Bucking the Odds
Former Virginia Gov. Jim Gilmore’s announcement this afternoon that he will seek the Republican nomination for Senate to run against another former governor has been expected for some time. The common wisdom is that he will face an all but impossible task if he really hopes to beat former Gov. Mark Warner (D).
He will, after all, be running in a year that most inside-the-Beltway observers expect to be a strongly Democratic year at all levels, and the interim signs in Virginia itself aren’t all that promising. Warner left office with a high approval rating and was, until deciding he wanted to move across the Potomac as a senator, considered a possible Democratic vice presidential nominee. Moreover, Virginia these days is widely believed to be changing color rather rapidly, from red to purple, and perhaps to blue by the fall of 2008.
Northern Virginia Rep. Tom Davis (R) bowed out of the race once he saw Warner’s head-to-head poll numbers and denounced his fellow Republicans on his way out because he firmly believes the Virginia GOP has to move quickly to the left to win in Northern Virginia and, hence, statewide. Gilmore is just too conservative and hard-headed to move in that direction, but is willing to make the race that others view as hopeless.
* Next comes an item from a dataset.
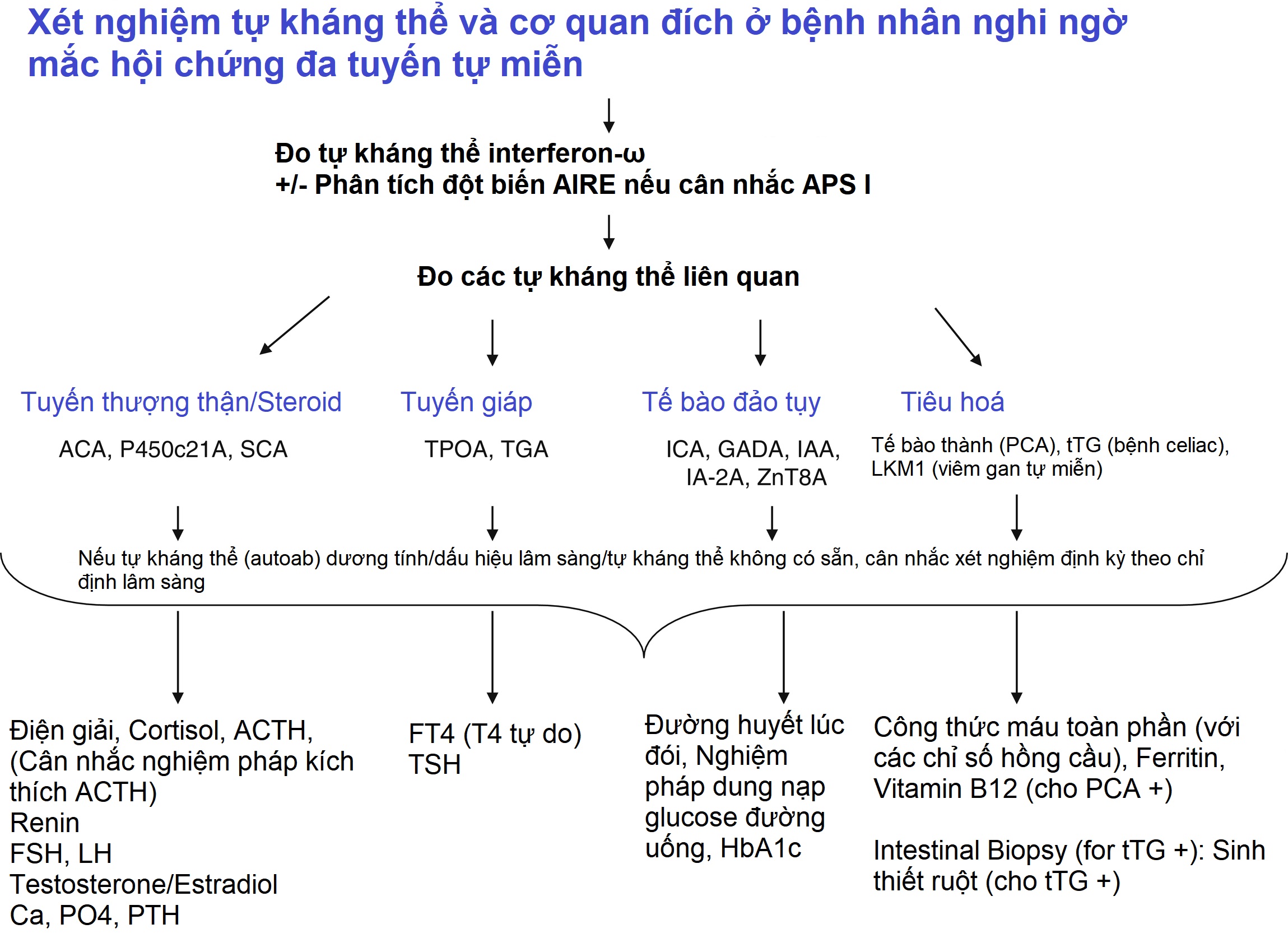 Như đã thảo luận sau đây, có lẽ thành tựu lớn nhất trong thập kỷ qua là việc phát hiện ra mối liên quan giữa các tự kháng thể đối với interferon loại 1 và APS I, cho phép chẩn đoán sớm bệnh nhân APS I. Mặc dù không chỉ ra sự tấn công miễn dịch đặc hiệu mô, các tự kháng thể đối với interferon (α và ω) cung cấp một xét nghiệm sàng lọc có độ nhạy và độ đặc hiệu gần 95% đến 100% cho APS 1. Sự hiện diện của các tự kháng thể đối với interferon nên được theo sau bằng xét nghiệm xác nhận các đột biến AIRE, cũng như xét nghiệm các tự kháng thể đặc hiệu mô khác (Hình 22.6). Chúng bao gồm các tự kháng thể tế bào chất của 21-hydroxylase hoặc vỏ thượng thận (đối với bệnh Addison tự miễn), GADA, các tự kháng thể liên quan đến u đảo tụy (IA-2A), các tự kháng thể insulin (IAA), các tự kháng thể vận chuyển kẽm 8 (ZnT8) (đối với đái tháo đường tuýp 1), các tự kháng thể thyroperoxidase và thyroglobulin (đối với AITD), các tự kháng thể tế bào steroid (đối với suy buồng trứng), và các tự kháng thể transglutaminase (đối với bệnh celiac). Ngoài ra, mặc dù không có sẵn, các tự kháng thể đối với 17-hydroxylase, enzyme cắt chuỗi bên, và 3-hydroxysteroid dehydrogenase có thể được sử dụng để phát hiện tự miễn dịch tuyến sinh dục và tuyến thượng thận. Các tự kháng thể đối với protein 5 lặp lại giàu leucine NACHT (NALP5) và thụ thể cảm nhận canxi cho thấy suy tuyến cận giáp tự miễn tiềm ẩn (CaSR). Tuy nhiên, độ đặc hiệu của CaSR và NALP5 để chẩn đoán suy tuyến cận giáp tự miễn lần lượt là khoảng 83% và 50%, trong khi độ nhạy đã được báo cáo lần lượt là 39% và 26%.

The fact is that Gilmore has never been one to accept the common wisdom and has often bucked the odds successfully. When he ran for governor, he was considered somewhat lackluster by those who are supposed to know these things, and it was assumed he’d lose. But he latched onto the tax issue, realizing that his fellow Virginians had come to hate the so-called car tax, and wouldn’t let go. He won and before he was through managed to maneuver Republicans into control of both houses of the state legislature.
He’s a principled conservative with real credentials. The strategic question Virginia Republicans have to contend with is whether from a pragmatic standpoint a steadfast conservative like Gilmore has a better chance statewide than the sort of candidate Tom Davis and some in the business community might favor. In the recent legislative elections, the Republicans lost control of the Senate and a few House of Delegates seats, but most of the supposedly “too conservative” incumbents won, even in Northern Virginia, while their more moderate colleagues found themselves in real trouble.
These results apparently encouraged rather than discouraged Gilmore, who seems willing to bet both that the common wisdom may be wrong again this time; that if Virginia is moving left, it may not be moving quite as fast as some believe; and that by hard work and with a conservative message he can find an opening that will allow him to compete, even against Mark Warner.
He may or may not be right, but Jim Gilmore is a candidate who can’t be dismissed lightly. He’s slain dragons before and might just do it again. The real question is whether he can establish enough credibility at the outset to raise the money he’ll need to keep his detractors from killing his campaign while it’s still in its cradle.